The mother's mental and emotional health was the central issue contested in this proceeding, and we conclude that the court abused its discretion in making its determination and awarding the father sole custody of the child without first considering the results of the psychological evaluations that it ordered (see Markowitz, 183 AD3d at 711; Ekstra, 49 AD3d at 595-596; Paul C., 209 AD2d at 955). Although a psychological expert testified at the fact-finding hearing on behalf of the father, that expert interviewed the parties and the subject child to assess whether the child had been sexually abused, and therefore he did not provide much information on the mother's emotional functioning, the impact her mental health issues had on [*2]her ability to parent the child, or the fitness of either parent. Thus, on this record, we cannot say that there was sufficient evidence for the court to resolve the custody dispute without considering the court-ordered psychological examinations of the parents (see Ekstra, 49 AD3d at 595-596; cf. Nunnery, 275 AD2d at 987). Consequently, we reverse the order, reinstate the mother's petition, and remit the matter to Family Court for completion of the court-ordered psychological evaluations and for a new hearing to determine whether modification of the parties' prior order of custody and visitation is in the child's best interests. Pending the court's determination upon remittal, the custody and visitation provisions in the order appealed from shall remain in effect.

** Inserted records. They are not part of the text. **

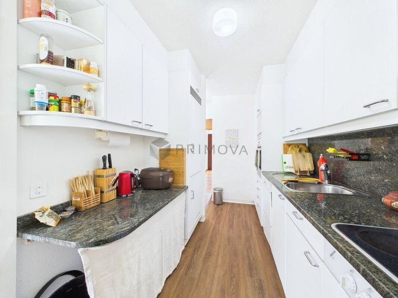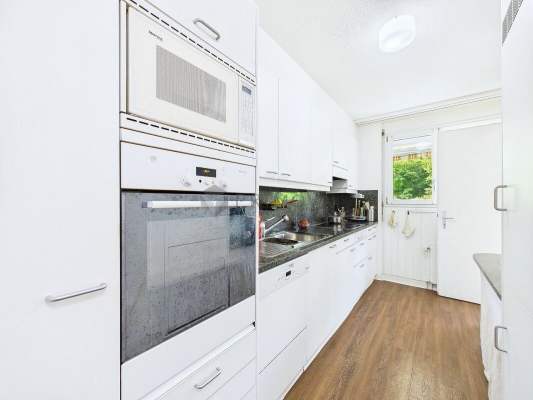 Die Lage überzeugt durch die traumhafte Aussicht und eine hervorragende Anbindung an alles, was den Alltag angenehm macht. Im Inneren erwartet Sie ein grosszügiger, lichtdurchfluteter Wohnbereich, der zum Verweilen und Entspannen einlädt. An kühleren Abenden sorgt das Cheminée für eine behagliche und romantische Stimmung. Die Küche bietet durchdachten Stauraum und macht das Kochen zum Vergnügen. Praktische Details wie der Geschirrspüler, der Einbauschrank und die Garderobe im Korridor sorgen für Ordnung und Komfort.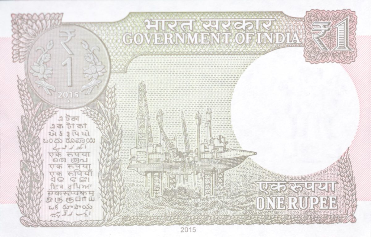 1 Rupee of Republic India (AD 2015) Rajiv Mehrishi Signature – Sagar Samrat – oil rig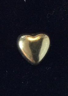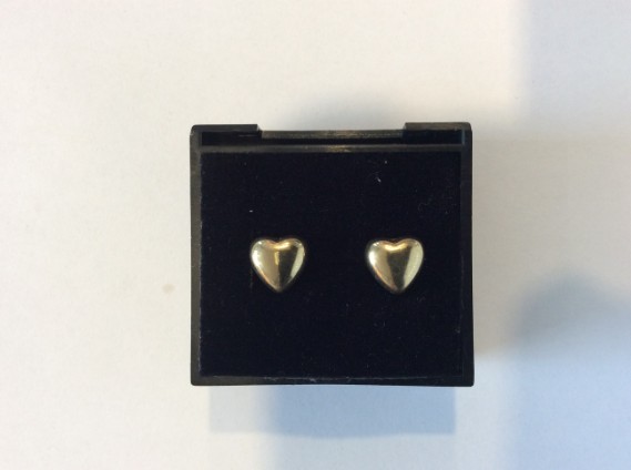 Ørestikker i forgyldt materiale, udformet som hjerte Ca. 8 mm. Fremstår som nye, og uden brugsspor.
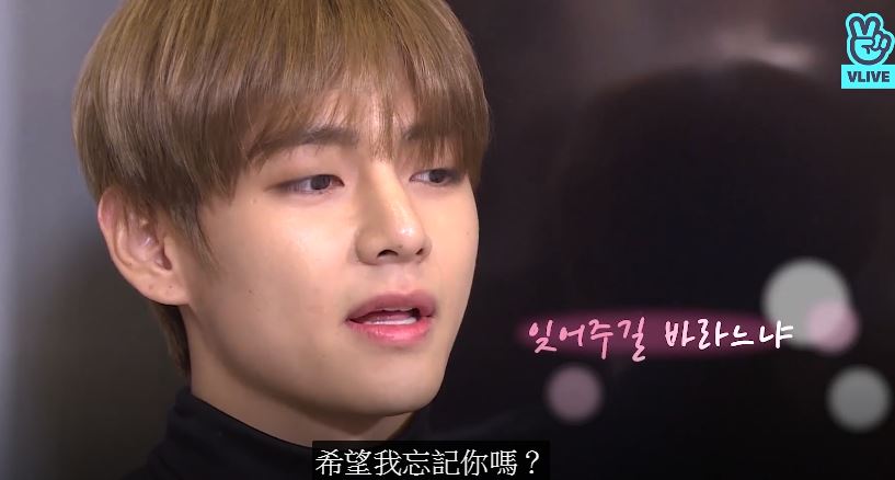 影片中,各個成員挑戰時不是忍不住笑場,就是當場忘詞,意外成為笑點,不過輪到V時,他竟自信說到已經背好所有台詞,現場充當導演的柾國一喊開始,V就一秒入戲。接著就模稜呂珍九深情款款的眼神說到「你要我忘記你嗎?你希望我把你忘了嗎?」、「對不起,我嘗試過了,但是我無法忘記你。」一字不漏還原經典片段,讓柾國當場嚇壞,也讓一旁成員全都讚賞封他是「金演員」。

The mother's further contention on her appeal that the court abused its discretion in failing to hold a Lincoln hearing is unpreserved for our review because she did not request such a hearing (see Matter of Montalbano v Babcock, 155 AD3d 1636, 1636-1637 [4th Dept 2017], lv denied 31 NY3d 912 [2018]). In any event, the court did not abuse its discretion in failing to hold a Lincoln hearing given the young age of the child and the fact that the child may have been inadvertently coached by the mother to repeat unfounded allegations (see Matter of Muriel v Muriel, 179 AD3d 1529, 1530-1531 [4th Dept 2020], lv denied 35 NY3d 908 [2020]; Matter of Kakwaya v Twinamatsiko, 159 AD3d 1590, 1591 [4th Dept 2018], lv denied 31 NY3d 911 [2018]).

In light of our determination, the mother's remaining contentions on her appeal and the AFC's contentions on her appeal are academic.